Une offre d’emploi opportune
Le Dr Cimino n’avait pas l’intention de devenir un pionnier de l’hémodialyse. À la fin des années 1950, il y avait très peu de néphrologues formés et aucun conseil de néphrologie. Le nouveau médecin – diplômé de New YorkUniversité – planifiait une carrière en physiologie pulmonaire.

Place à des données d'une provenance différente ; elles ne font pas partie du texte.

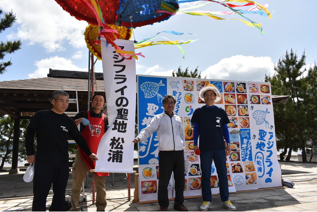 永田氏からは「この度は松浦アジフライ大使の就任おめでとうございます。 松浦アジフライマップ表紙のセリ人として、 大変嬉しく思います。 これから「アジフライの聖地 松浦」を、 一緒に盛り上げていけたらと思います。 」とそれぞれがコメント。 最後に「アジフライを日本中に!!世界中に!! アジフライ・フライ(FLY)!!」と友田市長が参加者へ合言葉として呼びかけた。

Après avoir terminé une résidence en médecine interne à Buffalo et un passage en tant que chef des services médicaux à l’hôpital de la Base aérienne d’Orlando, le Dr Cimino voulait retourner dans le Bronx, où il a été élevé. À 32 ans, il était marié et avait trois jeunes enfants, et son père venait de mourir. Alors, quand l’hôpital d’administration du Bronxveterans lui a proposé un emploi dans la mise en place d’une unité de dialyse, il a été tenté.
En 1960, il n’y avait que trois autres machines de dialyse dans la ville, à Mount Sinai, Bellevue et Downstate, explique le Dr Cimino. « Et à cette époque, tout endroit qui faisait une séance de dialyse par semaine était considéré comme un grand centre. »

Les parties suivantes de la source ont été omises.